Central Carolina Bank and Trust (CCB) was a bank headquartered in Durham, North Carolina. It began in 1961 with the merger of Durham Bank & Trust and University National Bank of Chapel Hill, North Carolina. CCB merged with SunTrust Banks of Atlanta, Georgia in 2005. Its headquarters was the historic 17-story Hill Building.

In 1899, attorney John Sprunt Hill married Annie Louise Watts, daughter of George Washington Watts, co-founder of the American Tobacco Company. Watts and Hill started Durham Loan & Trust Company and Home Savings Bank. Hill served as president and chairman of both banks. In 1931, Durham Loan & Trust became Durham Bank & Trust. Home Savings Bank and Durham Bank & Trust merged in 1950. In 1961, Durham Bank & Trust became Central Carolina Bank and Trust Company.

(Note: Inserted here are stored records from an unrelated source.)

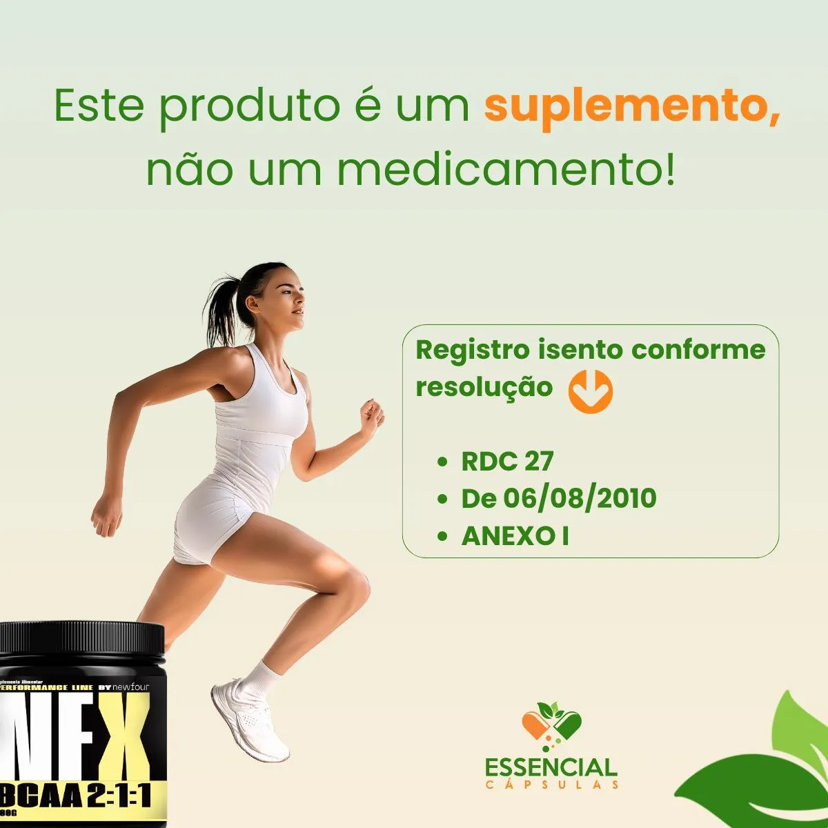 BEM VINDO(A) À ESSENCIAL CÁPSULAS Aqui, acreditamos que cuidar da saúde pode (e deve) ser algo natural, leve e diário. PRODUTO: - bcaa MARCA: - NEW FOUR BENEFÍCIOS: ● Combinação muito utilizada em rotinas de treino ● Pode ser incluído antes ou após atividades físicas ● Ideal para quem mantém uma rotina ativa e intensa SUGESTÃO DE CONSUMO (PELO FABRICANTE): - 5g (1 dosador) - Diluir em 200ml de água IMPORTANTE SABER: - Este produto é um suplemento alimentar natural. - Não é medicamento e não substitui uma alimentação equilibrada nem o acompanhamento de um profissional da saúde. - Como um produto natural, seus benefícios podem ser vistos a partir de alguns dias do uso. - Os suplementos são destinados a pessoas saudáveis. Sua finalidade é fornecer nutrientes, substâncias bioativas, enzimas ou probióticos em complemento à alimentação. COMPOSIÇÃO: - L-Leucina, L-Isoleucina, L-Valina NÃO CONTÉM GLÚTEN CONTRAINDICAÇÃO: - O uso não é recomendado para gestantes, lactantes e crianças. - Em caso de uso contínuo de medicamentos ou condições específicas de saúde, busque a orientação de um profissional da saúde. QUALIDADE: - Sabemos que o mercado de suplementos é competitivo, com opções para todos os públicos e faixas de preço. Na nossa loja, priorizamos a qualidade em cada detalhe. Por isso, escolhemos trabalhar apenas com fábricas que utilizam matérias-primas de excelência e seguem rigorosos padrões de produção. ENVIAMOS RAPIDINHO: - Seu pedido é preparado com todo cuidado e postado em até 24 horas úteis após a confirmação da compra. (Na maioria das vezes, enviamos bem antes disso)! FALE CONOSCO: Tem dúvidas ou quer conversar sobre o produto? Nosso atendimento é humanizado e está sempre pronto para te ouvir com muita atenção!
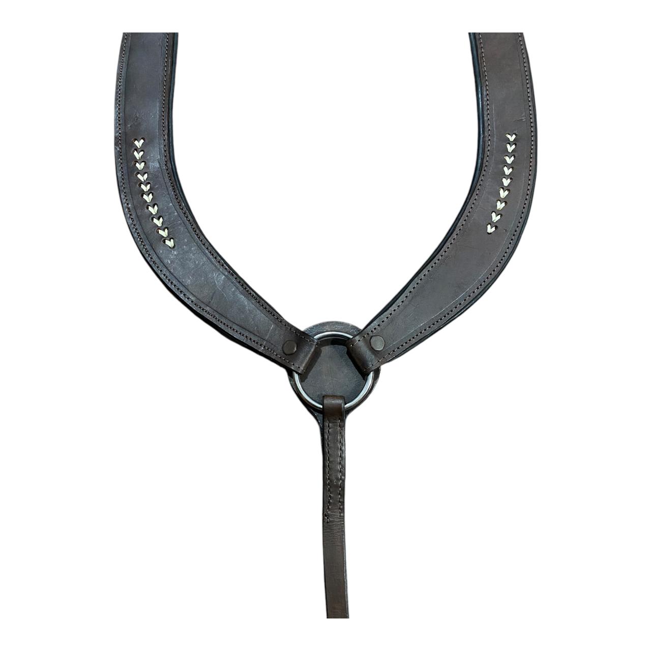 Nuestras pecheras en cuero de alta calidad, con un diseño ergonómico que brinda confort y seguridad durante el trabajo o la monta. Esta pieza destaca por su elegante color avellana y color negro su exclusivo detalle de cosido decorativo en la parte central de cada brazo, que resalta el acabado artesanal. Elaborada por manos expertas, su construcción robusta y sus costuras reforzadas garantizan durabilidad, resistencia y un ajuste firme al equipo de montar. Perfecta para quienes buscan combinar funcionalidad con un toque clásico y distinguido.
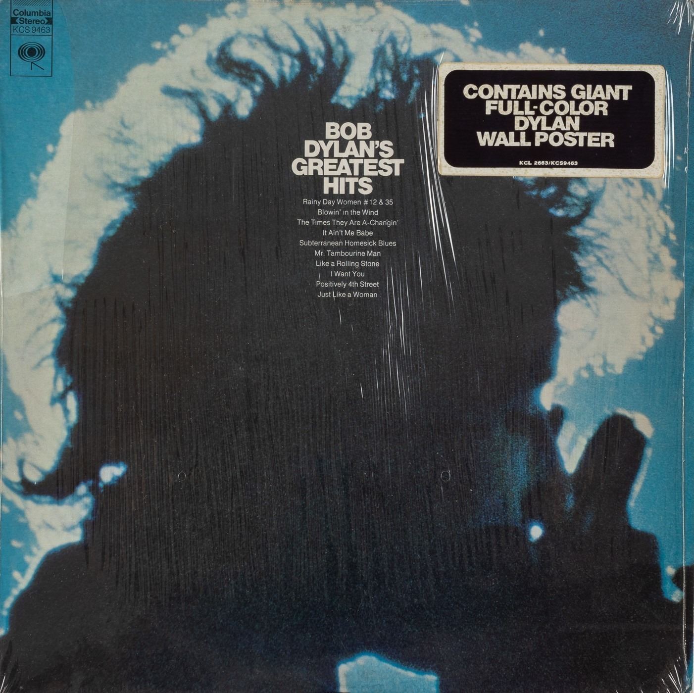 Original1967 Bob Dylan poster by Milton Glaser (1929-2020), 22 x 33 inches. Included with lot is the original 'Greatest Hits' album it came. Very good.
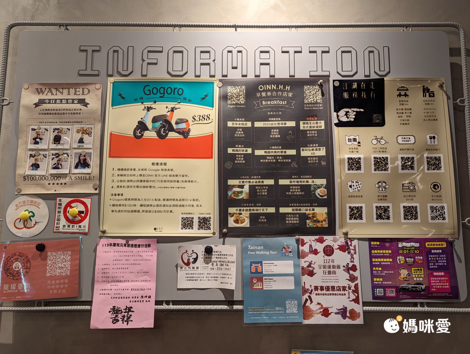 櫃檯旁邊的公布欄,有很多台南旅遊的實用資訊,包括早餐券配合的店家!趕快先拍下來慢慢研究
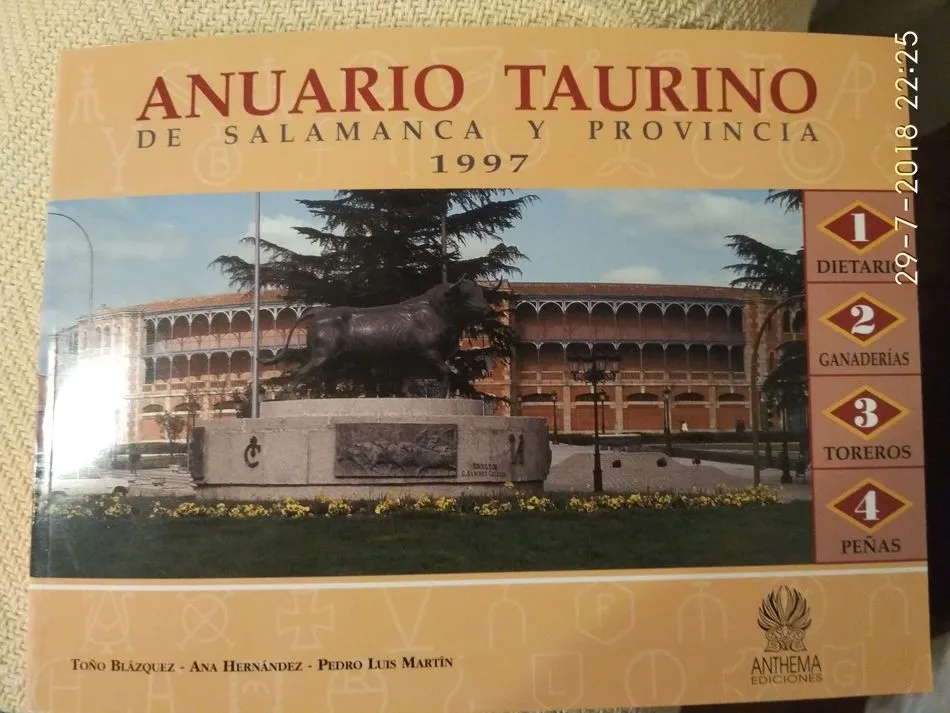 Y nos pusimos manos a la obra, con el permiso del editor Juan Antonio Hernández y colaboraciones especiales. El Anuario Taurino de la Provincia de Salamanca. Papel cuché, cuidada edición, formato apaisado e información, mucha información y estadísticas de lo acontecido en el mundo taurino de la capital y provincia, desde festejos taurinos, menores, medianos y mayores, hasta noticias sociales relacionadas con la fiesta. Un apéndice de peñas taurinas, ganaderías etc...Un trabajo ímprobo, generoso e ilusionante, que nos tuvo en resuelta y dinámica actividad durante seis años, al margen de nuestros trabajos, sacando horas de debajo de las piedras. Fueron seis los Anuarios que se editaron, los de las temporadas 1997,1988,1999,2000,2001 y 2002.
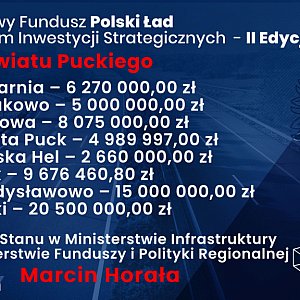 Powiat Pucki – 16 000 000,00 zł oraz 4 500 000,00 zł
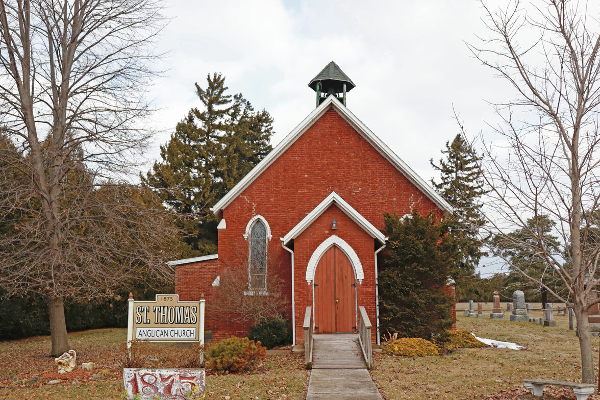The land on which it rests is a parcel of 5 acres bequeathed to the Diocese by Ann Smith in 1847. The church was built over her grave and that of her mother, father and sister. The cornerstone was laid on October 12, 1875 with the Grand Lodge of Chatham present, having arrived by boat, the Steamer Steinhoff, on the Thames River.
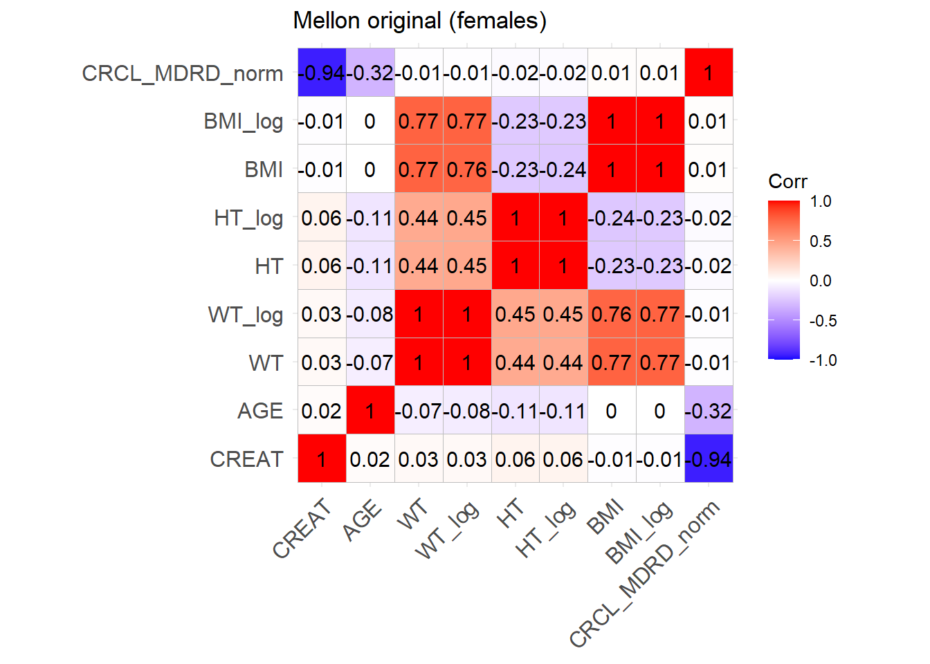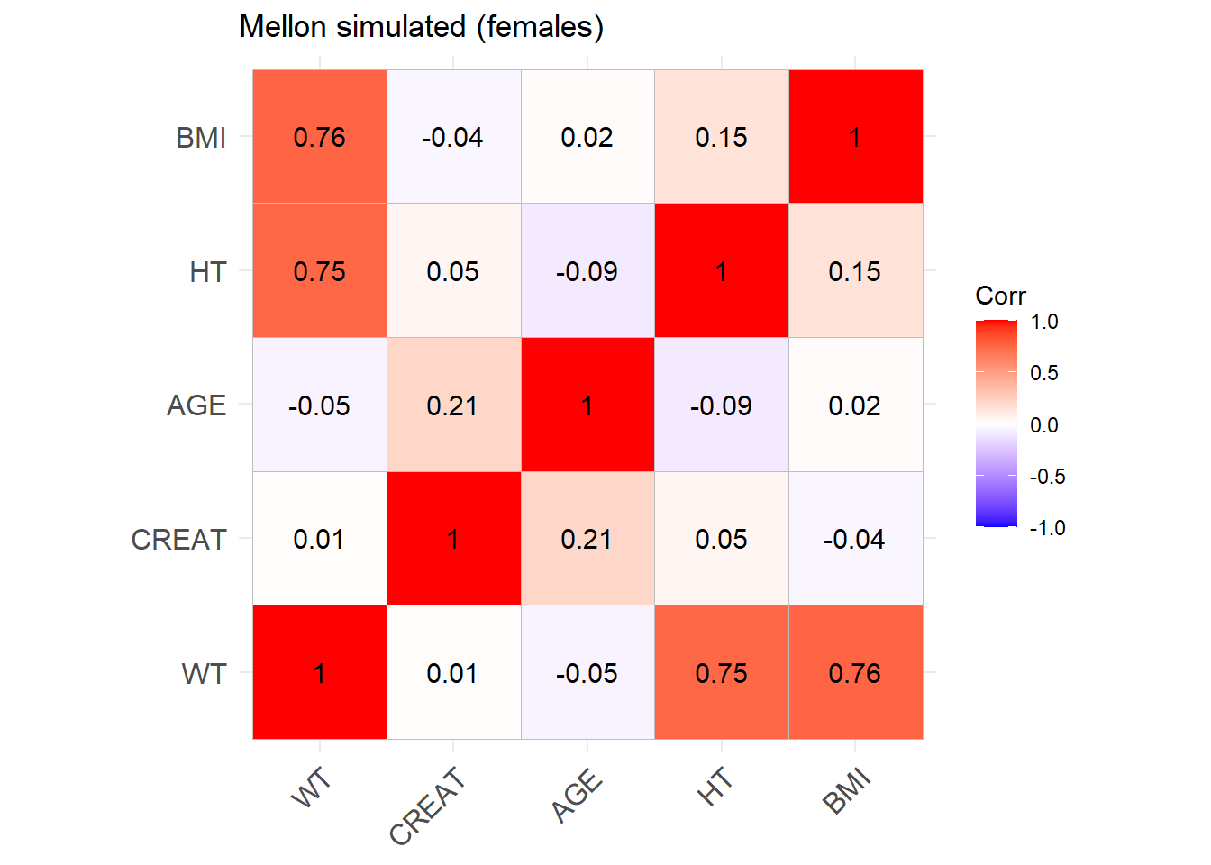 reconvert_MDRD <-function(AGE, CRCL, SEX) {# Mutliply by 0.85 for females sex_factor <-ifelse(SEX ==0, 1, 0.742)# Calculate DFG CREAT <- (CRCL / (175* (AGE^(-0.203)) * sex_factor))^(-1/1.154)return(CREAT)}sim_cov_mellon$CREAT <-mapply(reconvert_MDRD, sim_cov_mellon$AGE, sim_cov_mellon$CRCL, sim_cov_mellon$SEX)sim_cov_mellon <- sim_cov_mellon %>%mutate(HT =sqrt(WT/BMI) *100, # mutliplied by 100 to convert m to cmBSA = (WT^0.425* (HT^0.725) *0.007184),OBESE =ifelse(BMI >30, 1, 0) ) %>% dplyr::select(Paper, ID_within_paper, ICU, BURN, OBESE, CREAT, WT, BSA, BMI, AGE, SEX, HT)# Calculate the simulated correlation matrices separately for the two sexes to compare with the originalsim_cov_mellon_M <- sim_cov_mellon %>%filter(SEX ==0)sim_cov_mellon_F <- sim_cov_mellon %>%filter(SEX ==1)cor_sim_M <-cor(sim_cov_mellon_M %>% dplyr::select(WT, CREAT, AGE, HT, BMI), use ="complete.obs")cor_sim_F <-cor(sim_cov_mellon_F %>% dplyr::select(WT, CREAT, AGE, HT, BMI), use ="complete.obs")ggcorrplot(cor_matrix_Mellon_F, lab =TRUE, title ="Mellon original (females)")
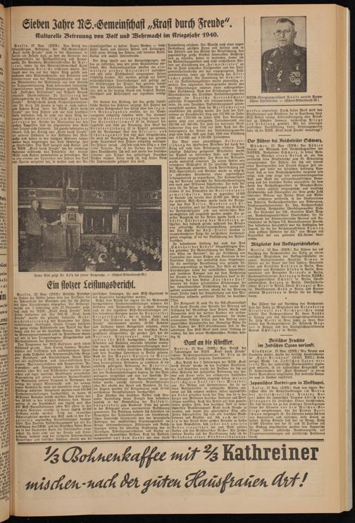 ?i unseren Soldaten in den Gebieten des Westwalls und später in den besetzten Gebieten immer lieber dazu beize tragen hat, diese schwierige Zeit 1 überbrücken. Das Volk hungert nach Kultur, und ie NSG »Kraft durch Freude" hat die einmalige Ülturtat vollbracht, das Bedürfnis der breiten

In 1964, architect Frank DePasquale wanted to put a tobacco leaf on the new CCB sign to go atop the Hill Building. Bank chairman George Watts Hill, the founder's son, did not like the idea because he felt the focus should be on the bank's services, not the city's tobacco heritage. The four-sided sign instead had just "Roman-style letters, classic and unadorned". Harlan Laws Corp. "fabricated the letters in sections from steel and had them coated with white porcelain to protect against rust. The louvered aluminum screen on which they were mounted was anodized against corrosion. Fasteners were of brass or stainless steel for the same reason." The parts for the sign went up after regular business hours in elevators that only reached the 14th floor, and workers used ropes and pulleys to lift them the rest of the way, 270 feet above the street. Workers used a ladder or were lowered by ropes using a soft drink box as a seat. Inside the 12-foot letters went white neon lighting.